Post by Ranger Ron »

You can Live in California where...
1. You make over $250,000 and you still can't afford to buy a house.
2. The fastest part of your commute is going down your driveway.
3 . You know how to eat an artichoke.
4. You drive your rented Mercedes to your neighborhood block party.
5. When someone asks you how far something is, you tell them how long
it will take to get there rather than how many miles away it is.
6. The 4 seasons are: Fire, Flood, Mud, and Drought.

You can live in Colorado where...
1. You carry your $3,000 mountain bike atop your $500 car.
2. You tell your husband to pick up Granola on his way home and he stops
at the day care center.
3. A pass does not involve a football or dating.
4. The top of your head is bald, but you still have a pony tail.

You can Live in New York City where...
1. You say 'the city' and expect everyone to know you mean Manhattan
2. You can get into a four-hour argument about how to get from Columbus Circle
to Battery Park, but can't find Wisconsin on a map.
3. You think Central Park is 'nature,'
4. You believe that being able to swear at people in their own language makes
you multi-lingual.
5. You've worn out a car horn.
6. You think eye contact is an act of aggression.

You can live in Phoenix , Arizona where.....
1. You are willing to park 3 blocks away because you found shade.
2. You've experienced condensation on your butt from the hot water in the toilet bowl.
3. You can drive for 4 hours in one direction and never leave town.
4. You have over 100 recipes for Mexican food.
5. You know that 'dry heat' is comparable to what hits you in the face when you
open your oven door.
6. The 4 seasons are: tolerable, hot, really hot, and ARE YOU KIDDING ME??!

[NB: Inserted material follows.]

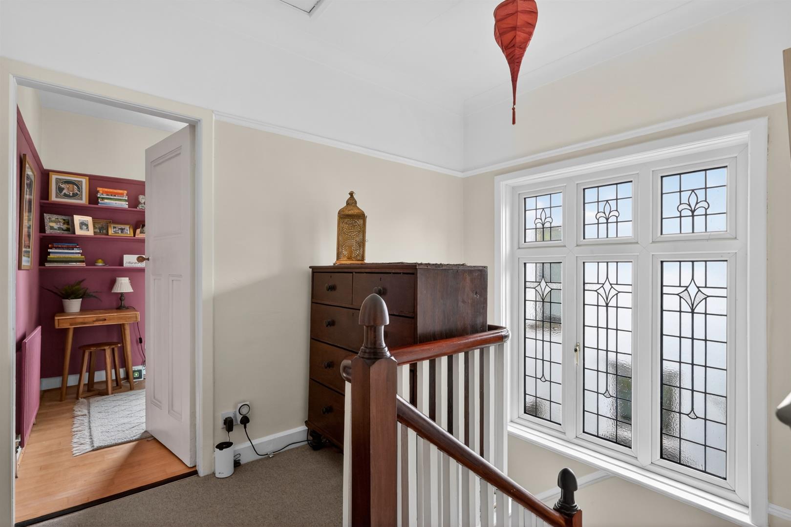 Access to partially floored roof space via slingsby ladder. Leaded glass window.

You can Live in Maine where...
1. You only have four spices: salt, pepper, ketchup, and Tabasco
2. Halloween costumes fit over parkas.
3. You have more than one recipe for moose.
4. Sexy lingerie is anything flannel with less than eight buttons.
5. The four seasons are: winter, still winter, almost winter, and construction.

You can Live in the Deep South where...
1. You can rent a movie and buy bait in the same store.
2. 'y'all' is singular and 'all y'all' is plural.
3. 'He needed killin'' is a valid defense.
4. Everyone has 2 first names: Billy Bob, Jimmy Bob, Mary Sue, Betty Jean, etc.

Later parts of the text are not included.